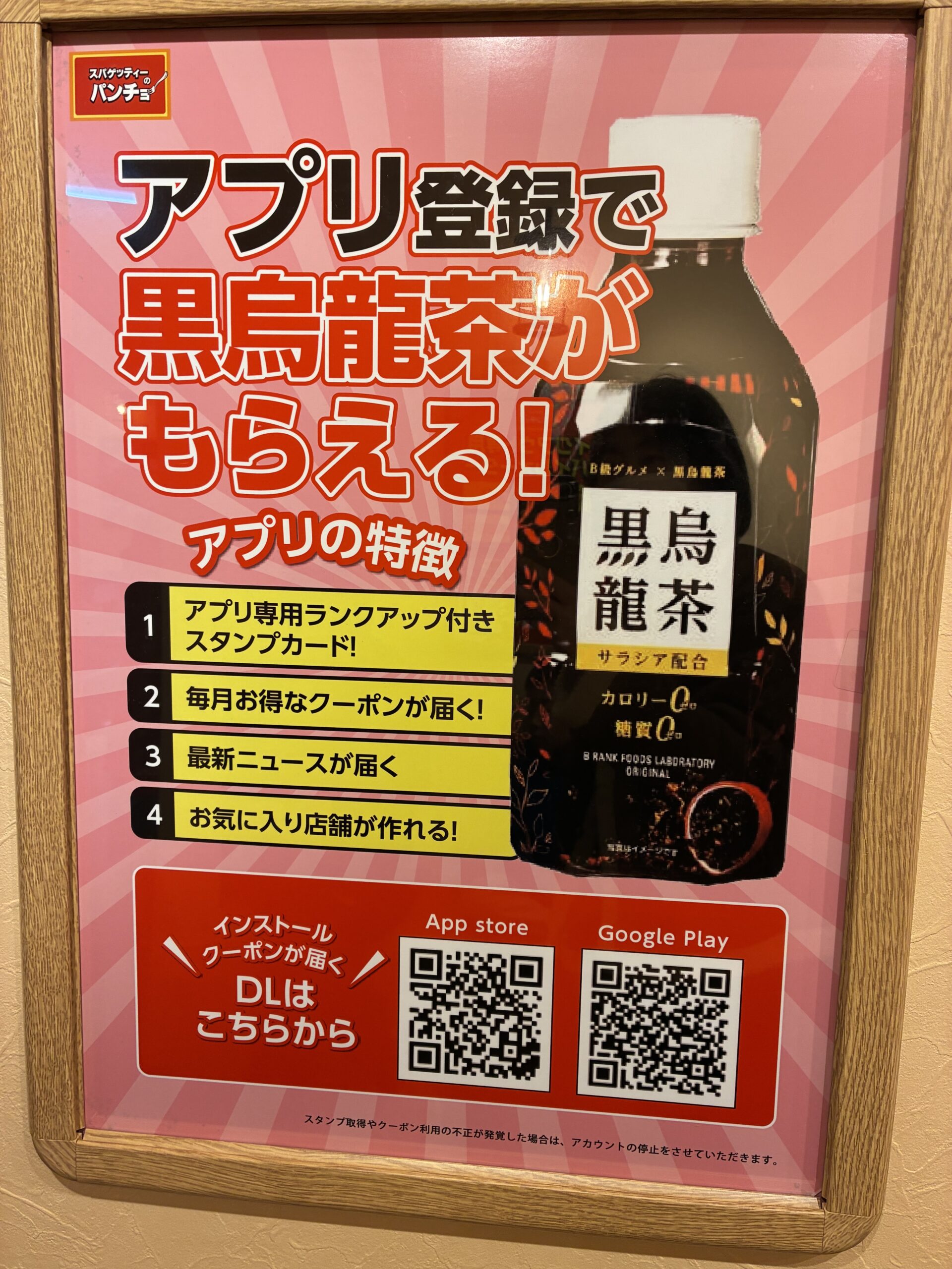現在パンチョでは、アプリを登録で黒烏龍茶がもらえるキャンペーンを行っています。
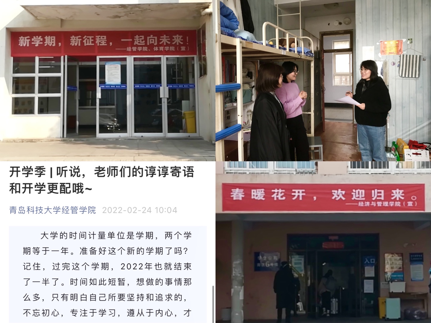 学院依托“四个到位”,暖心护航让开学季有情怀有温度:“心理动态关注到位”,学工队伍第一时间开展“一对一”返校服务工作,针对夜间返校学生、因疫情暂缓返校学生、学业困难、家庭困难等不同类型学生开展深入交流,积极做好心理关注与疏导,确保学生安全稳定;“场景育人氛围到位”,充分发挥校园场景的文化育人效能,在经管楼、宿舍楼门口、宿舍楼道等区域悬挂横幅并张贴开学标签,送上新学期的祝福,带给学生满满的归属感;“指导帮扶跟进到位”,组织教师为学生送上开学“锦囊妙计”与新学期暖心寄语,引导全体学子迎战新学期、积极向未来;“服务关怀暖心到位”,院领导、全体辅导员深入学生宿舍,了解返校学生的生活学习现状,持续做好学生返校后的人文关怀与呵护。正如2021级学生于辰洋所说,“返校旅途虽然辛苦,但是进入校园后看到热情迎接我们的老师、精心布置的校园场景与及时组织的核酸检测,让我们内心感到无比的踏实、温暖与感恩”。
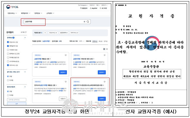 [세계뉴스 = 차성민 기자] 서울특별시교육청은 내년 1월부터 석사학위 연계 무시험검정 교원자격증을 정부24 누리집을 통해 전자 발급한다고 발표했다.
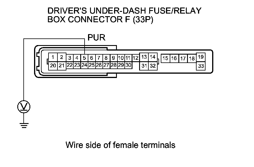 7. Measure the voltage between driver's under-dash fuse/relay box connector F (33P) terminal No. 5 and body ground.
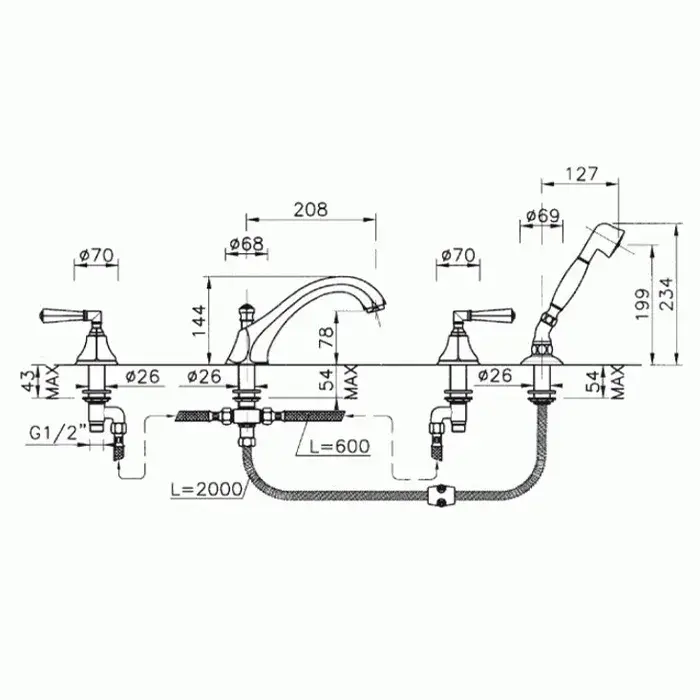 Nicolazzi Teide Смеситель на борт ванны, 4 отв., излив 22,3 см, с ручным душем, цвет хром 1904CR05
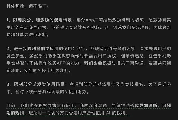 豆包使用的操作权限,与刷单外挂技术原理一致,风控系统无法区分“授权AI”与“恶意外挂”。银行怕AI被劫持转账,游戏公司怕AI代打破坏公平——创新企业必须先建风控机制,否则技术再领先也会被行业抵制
▬▬▬▬▬▬
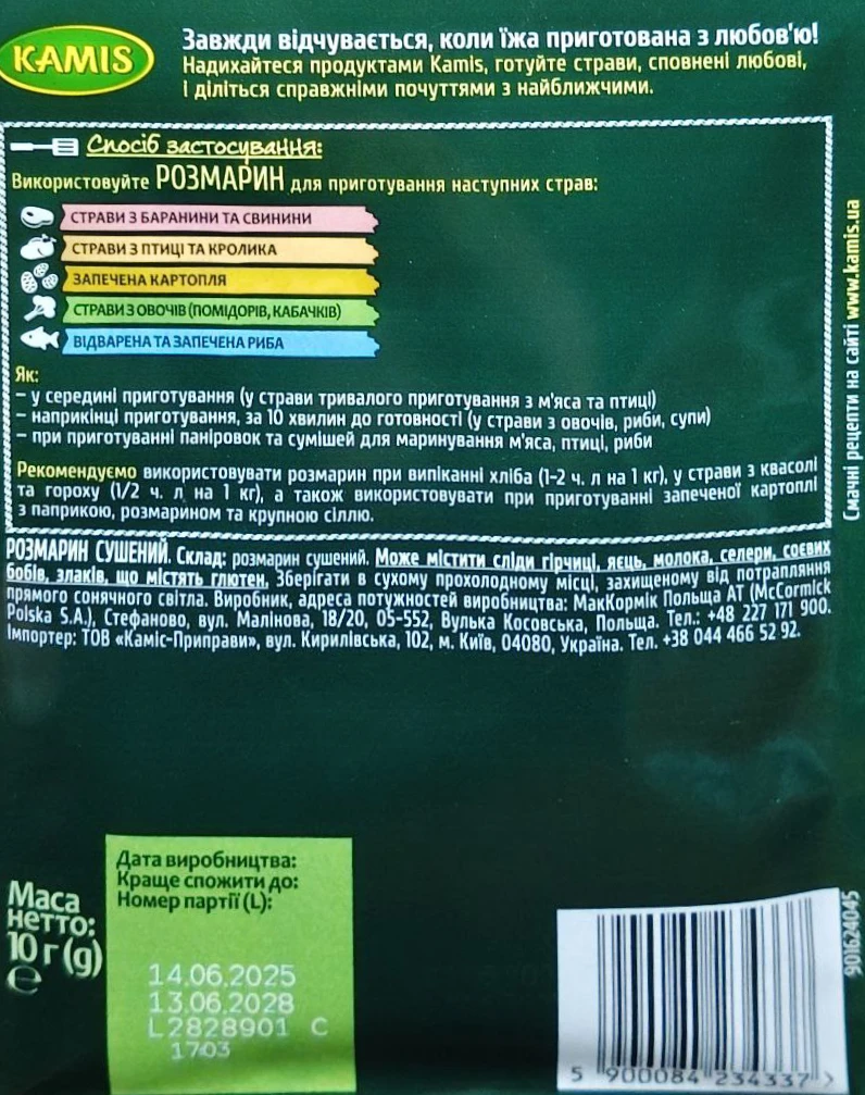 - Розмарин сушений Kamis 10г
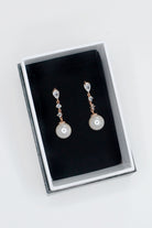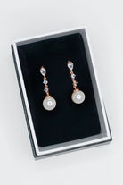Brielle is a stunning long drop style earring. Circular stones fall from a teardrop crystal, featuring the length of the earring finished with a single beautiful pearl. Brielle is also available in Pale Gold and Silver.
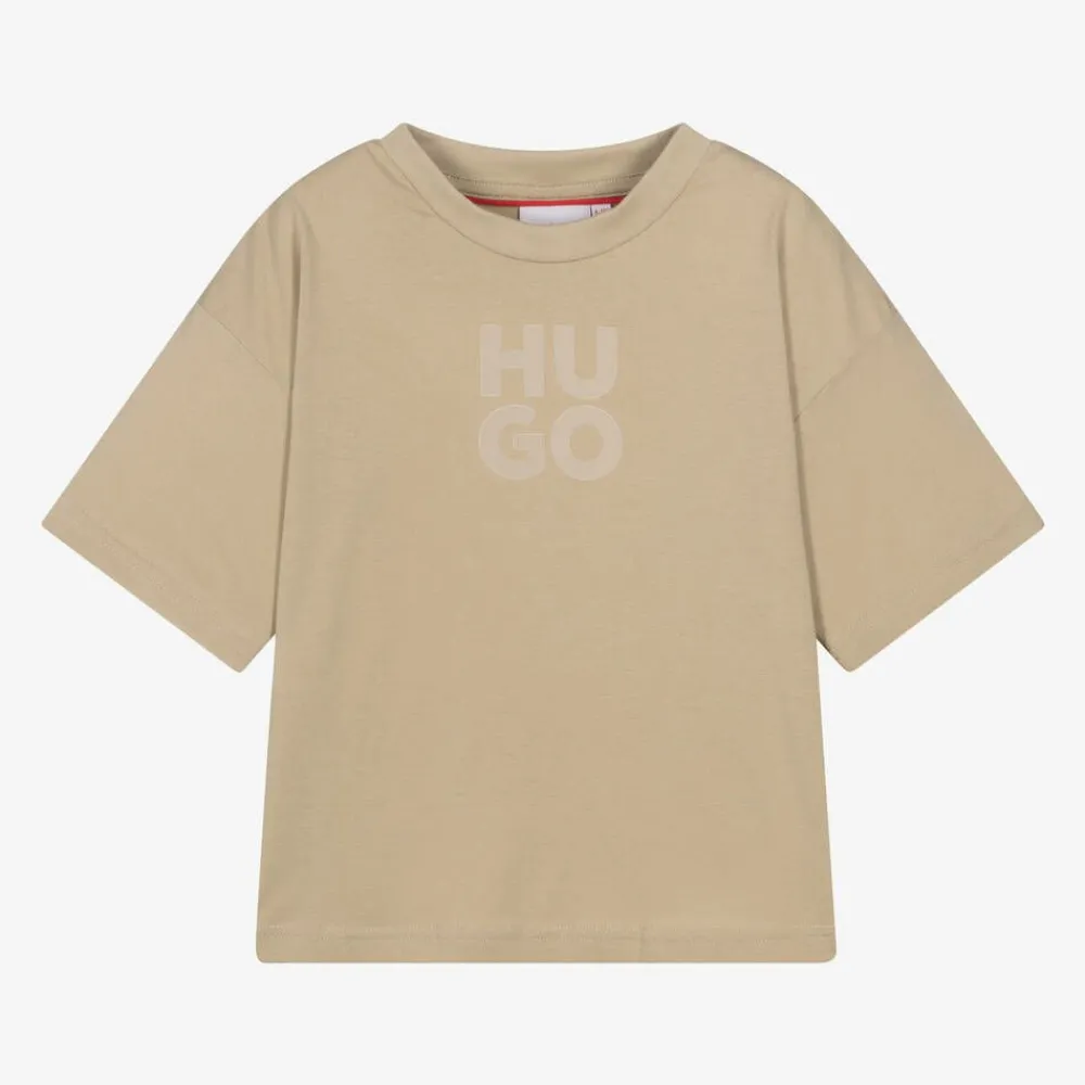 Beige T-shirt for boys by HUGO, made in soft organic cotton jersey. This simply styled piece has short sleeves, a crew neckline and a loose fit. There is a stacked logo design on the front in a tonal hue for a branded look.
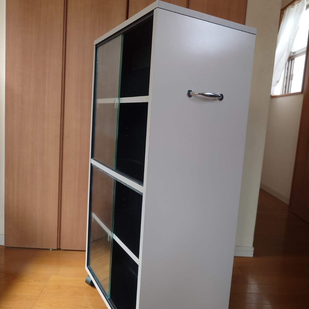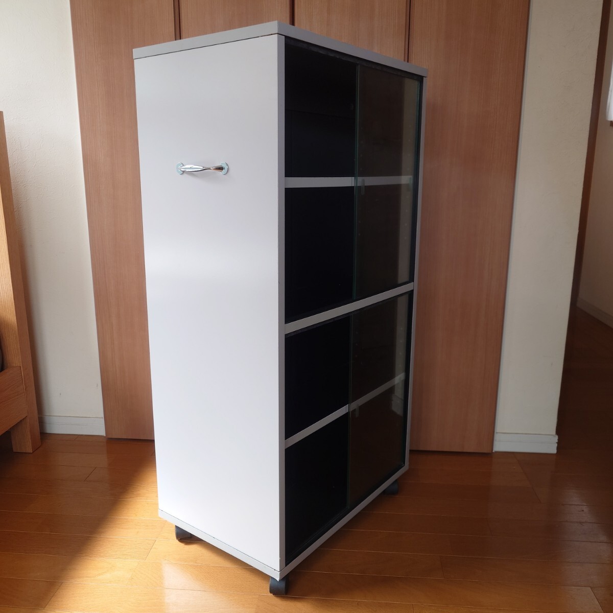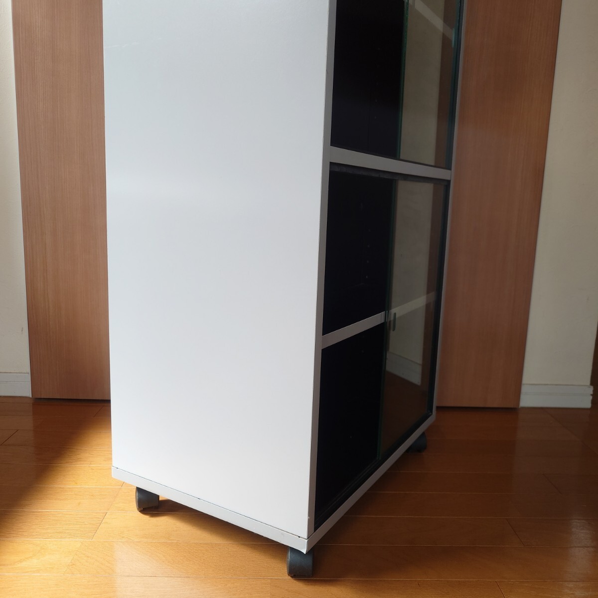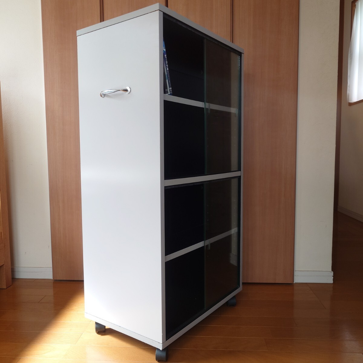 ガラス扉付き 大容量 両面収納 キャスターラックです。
▬▬▬▬▬▬
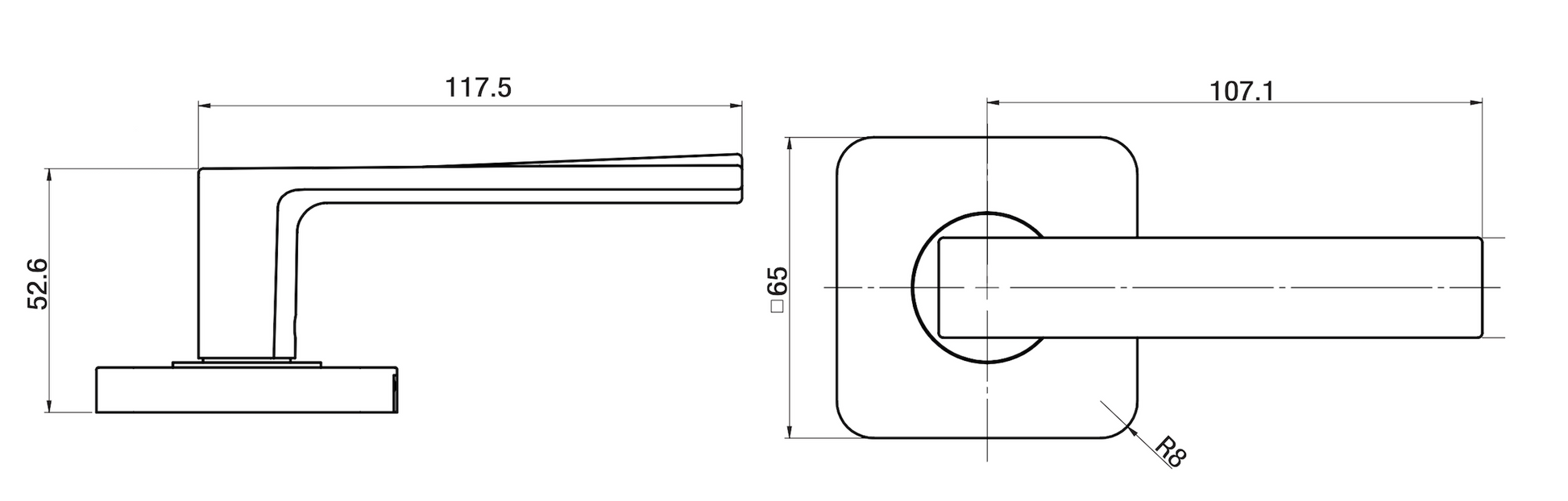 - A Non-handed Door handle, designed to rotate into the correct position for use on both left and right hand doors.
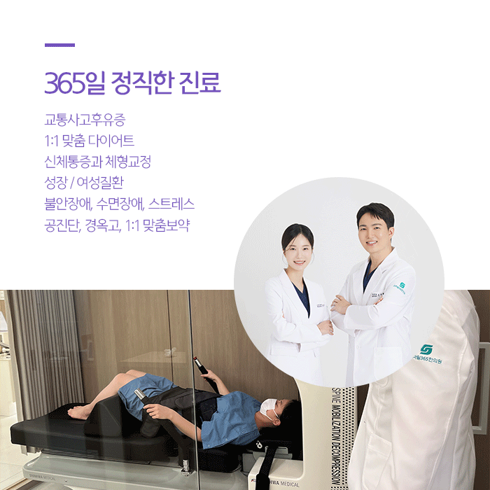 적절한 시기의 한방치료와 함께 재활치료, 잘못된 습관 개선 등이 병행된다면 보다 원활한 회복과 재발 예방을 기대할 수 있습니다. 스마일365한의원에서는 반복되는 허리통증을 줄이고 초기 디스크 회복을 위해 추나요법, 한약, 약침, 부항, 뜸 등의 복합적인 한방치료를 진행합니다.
▬▬▬▬▬▬
* [Work required]:
Output exactly the lines above that lie between the line with "現在パンチョでは、アプリを登録で黒烏龍茶がもらえるキャンペーンを行っています。" and the line with "[세계뉴스 = 차성민", those two lines included, and no pictures.

* [Response area]:
現在パンチョでは、アプリを登録で黒烏龍茶がもらえるキャンペーンを行っています。
 学院依托“四个到位”,暖心护航让开学季有情怀有温度:“心理动态关注到位”,学工队伍第一时间开展“一对一”返校服务工作,针对夜间返校学生、因疫情暂缓返校学生、学业困难、家庭困难等不同类型学生开展深入交流,积极做好心理关注与疏导,确保学生安全稳定;“场景育人氛围到位”,充分发挥校园场景的文化育人效能,在经管楼、宿舍楼门口、宿舍楼道等区域悬挂横幅并张贴开学标签,送上新学期的祝福,带给学生满满的归属感;“指导帮扶跟进到位”,组织教师为学生送上开学“锦囊妙计”与新学期暖心寄语,引导全体学子迎战新学期、积极向未来;“服务关怀暖心到位”,院领导、全体辅导员深入学生宿舍,了解返校学生的生活学习现状,持续做好学生返校后的人文关怀与呵护。正如2021级学生于辰洋所说,“返校旅途虽然辛苦,但是进入校园后看到热情迎接我们的老师、精心布置的校园场景与及时组织的核酸检测,让我们内心感到无比的踏实、温暖与感恩”。
 [세계뉴스 = 차성민 기자] 서울특별시교육청은 내년 1월부터 석사학위 연계 무시험검정 교원자격증을 정부24 누리집을 통해 전자 발급한다고 발표했다.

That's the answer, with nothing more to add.